By contrast, according to the IRS, an OIC “mill” will usually make outlandish claims, frequently in radio and TV ads, about how they can settle a person’s tax debt for cheap. Also telling: the fees tend to be significant in exchange for very little work.
Those mills also knowingly advise indebted taxpayers to file an OIC application even though the promoters know the person will not qualify, costing taxpayers money and time. You can check your eligibility for free using the IRS’s Offer in Compromise Pre-Qualifier tool.
“Pennies On A Dollar”
What about those promises that taxpayers can routinely settle for pennies on a dollar?
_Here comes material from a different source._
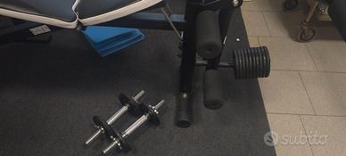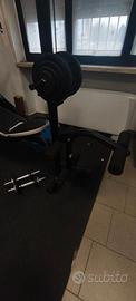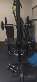 In eccellenti condizioni, attrezzo multifunzione dotato di accessori, come supporto per bicipiti, barra per trazioni, supporto x allenare le gambe ed inoltre e' dotato di manubri, bilanciere ed e' corredato da dischi in ghisa.

Not true. Generally, the IRS will not accept an offer if they believe you can pay your tax debt in full through an installment agreement or equity in assets, including your home. That’s why the IRS tends to reject a majority of OICs that are submitted. The acceptance rate is less than 1 in 3, according to the 2021 Data Book.
The IRS will generally approve an OIC when the amount offered represents the best opportunity for the IRS to collect the debt. It’s true that there’s a formula that the IRS uses to figure out how much they think they can collect from you. But there is some wiggle room to account for special circumstances, including a loss of income or a medical condition. It’s worth noting those are the exceptions, not the rule.
While submitting an OIC may keep the IRS from calling you, it doesn’t stop all collections activities—don’t believe companies that suggest that submitting an OIC will make your tax debt disappear. Penalties and interest will continue to accrue on your outstanding tax liability. Additionally, the IRS may keep your tax refund, including interest, through the date the IRS accepts your OIC.
You may also be liened. In most cases, the IRS will file a Notice of Federal Tax Lien to protect their interests, and the lien will generally stay in place until your tax obligation is satisfied.
An OIC is a serious effort to resolve tax debt and shouldn’t be taken lightly. Be skeptical—if it sounds too good to be true, it likely is. If you’re considering an OIC, hire a competent tax professional who understands the rules and is willing to level with you about your chances of being successful—including other options. Don’t fall into a trap that can make your situation worse.